March 7, 1986 — The U.S. Air Force Academy Band opens for entertainer and impressionist Rich Little in Arnold Hall.

March 7, 1993 — U.S. Air Force Academy Band performs with guest conductor Gen. Maj. Nikolaj Mikhailovich Mikhailov, chief of Military Bands of the Russian Federation.

March 8, 1954 — The Senate passes a bill establishing an Academy.

March 8, 2004 — Nick Welch, a 2002 Academy graduate, wins the Mountain West Conference Co-Player of the Year Award. Air Force head coach Joe Scott is named Coach of the Year.

March 8, 2007 — The FalconSAT-3 is launched aboard an Atlas V rocket from Cape Canaveral Air Force Station, Florida, one of five deployed from the first-ever secondary payload adapter ring used with NASA’s current generation evolved expendable launch vehicles.

March 8, 2008 — The Astronautics Department celebrates its 50th anniversary as the world’s first undergraduate astronautical engineering program.

 March 8, 2010 — Lt. Gen. Albert Patton Clark, the sixth Academy superintendent and president of the Friends of the Air Force Academy Library, dies.

March 9, 1954 — Nathaniel Owings submits a formal request to Secretary of the Air Force Harold Talbott requesting Skidmore Owings and Merrill be considered as architects and engineers for the Academy. They eventually won the contract.

March 9, 1960 — The second Academy Assembly begins. Gen. Lauris Norstad, Supreme Allied Commander Europe, is the keynote speaker.

March 10, 1992 — Doolittle Hall, the Association of Graduates building, opens for partial use.

March 10, 1994 — Capt. Harold Waters, a 1985 Academy graduate, flies the mission for which he received the 1995 Col. James Jabara Award for Airmanship. Waters recovered his RC-135 with 32 crew members on board after catastrophic a electrical failure occurred over the North Atlantic.

March 10, 2010 — First Lt. Roni Yadlin, a 2009 Academy graduate, plays on the University of Oxford soccer team as the Blues beat Bedfordshire to win the British collegiate national championship. Yadlin, who played at Air Force, was at Oxford on a Holaday Scholarship, awarded annually to the top-ranking Academy graduate who competes for, but doesn’t win, a Rhodes Scholarship.

March 12, 1962 — The men’s basketball team makes the Academy’s second appearance in the NCAA basketball tournament, losing 68-66 to Texas Tech. Only 25 teams make the tournament during that time.

March 13, 2000 — Second Lt. Shawna (Ng-A-Qui) Kimbrell, a 1998 Academy graduate, is the first African-American woman to become an Air Force F-16 fighter pilot.

March 14, 2004 — The men’s basketball team earns its first NCAA bid since 1962.

March 15, 1996 — The Friends of the Air Force Academy Library sponsors its second annual exhibit: “The Benjamin C. Steele Prisoner of War Art Exhibit.”

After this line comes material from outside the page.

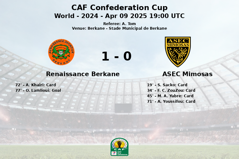 Le Renaissance Berkane a battu l’ASEC Mimosas sur le score serré de 1-0 en quarts de finale de la Coupe de la Confédération CAF, disputé au Stade Municipal de Berkane le 9 avril 2025. Le match, arbitré par A. Tom, a été marqué par la supériorité de possession de l’équipe locale (59 %), qui a généré plus d’occasions de but (11 tirs, 3 cadrés). Malgré cette domination en possession et en tirs, Berkane n’a réussi qu’un seul but, inscrit par O. Lamlioui à la 77e minute sur une passe de P. Bassene. L’ASEC Mimosas, avec 41 % de possession et 6 tirs, a montré du caractère mais n’a pas pu percer la défense adverse. La discipline a été un problème pour l’équipe visiteuse, accumulant 4 cartons jaunes (Sacko, ZouZou, Yabre et Youssifou), tandis que Berkane n’en a reçu qu’un seul. Malgré un plus grand nombre de fautes commises par l’ASEC Mimosas (14 contre 10), ils n’ont pas pu éviter la défaite face à un Berkane plus efficace.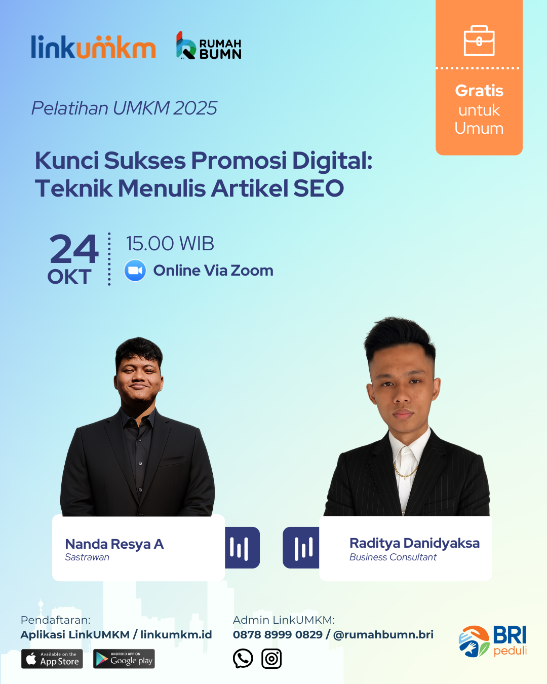 Judul Pelatihan : Literasi Digital Kunci Sukses Promosi Digital Teknik Menulis Artikel SEO

March 15, 1997 — A major library exhibit opens to commemorate receipt of the collections of former prisoners of war held in Stalag Luft III. The Academy library has the world’s largest collection of American POW manuscripts from Stalag Luft III.

March 15, 2007 — Cadet 2nd Class Eric Ehn, a 2008 Academy graduate, becomes the first service academy hockey player to be named a finalist for the Hobey Baker Memorial Award, given to the best player in the country. It’s the hockey equivalent of college football’s Heisman Trophy. Two weeks later, he’s recognized as one of the top three intercollegiate hockey players in the nation by his inclusion on the Hobey Baker Hat Trick list.

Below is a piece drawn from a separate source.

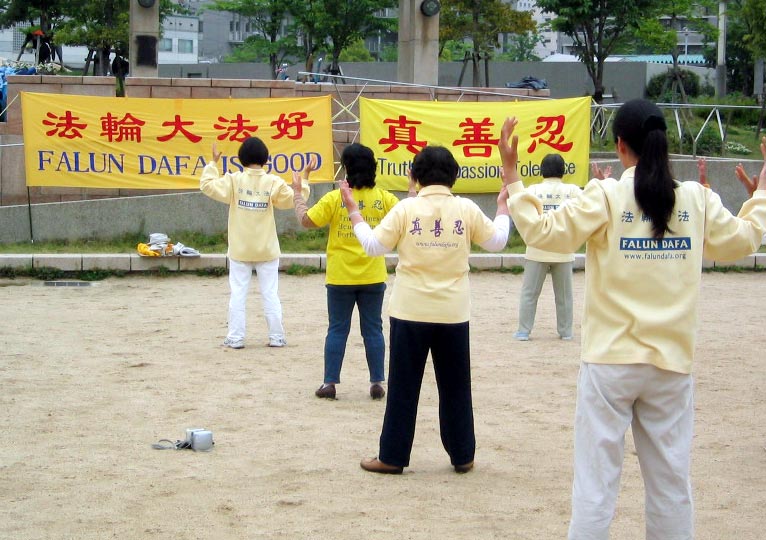 游行队列穿过了大阪市政府和律师聚集的繁华街区,正值中午,公务员们在街上看到了游行队伍,纷纷驻足观看,并接过传单,有的还向发传单的学员询问起诉江泽民一事。游行到大阪总领事馆后结束,学员们又来到领馆前继续发正念,纪念“四二五”五周年。

March 16, 2006 — The men’s basketball team makes the Academy’s fourth appearance in the NCAA basketball tournament, losing 78-69 to Illinois.

March 17, 1995 — The Friends of the Air Force Academy Library sponsors its first annual exhibit, “The Eagle Squadrons of World War II.”

March 17, 2007 — Falcon Hockey beats Army 6-1 to win the Atlantic Hockey Association championship and qualify for the 16-team NCAA hockey tournament. The team is the first service academy hockey team to win a conference title and to play in an NCAA tournament.

March 18, 2004 — Men’s Basketball makes the Academy’s third appearance in an NCAA basketball tournament, losing 63-52 to North Carolina.

March 18, 2008 — Sixty-percent of Academy agencies receive outstanding or excellent ratings for their performance in the unit compliance inspection.

(Editor’s note: This list of achievements was created by Steven Simon, a 1977 Academy graduate.)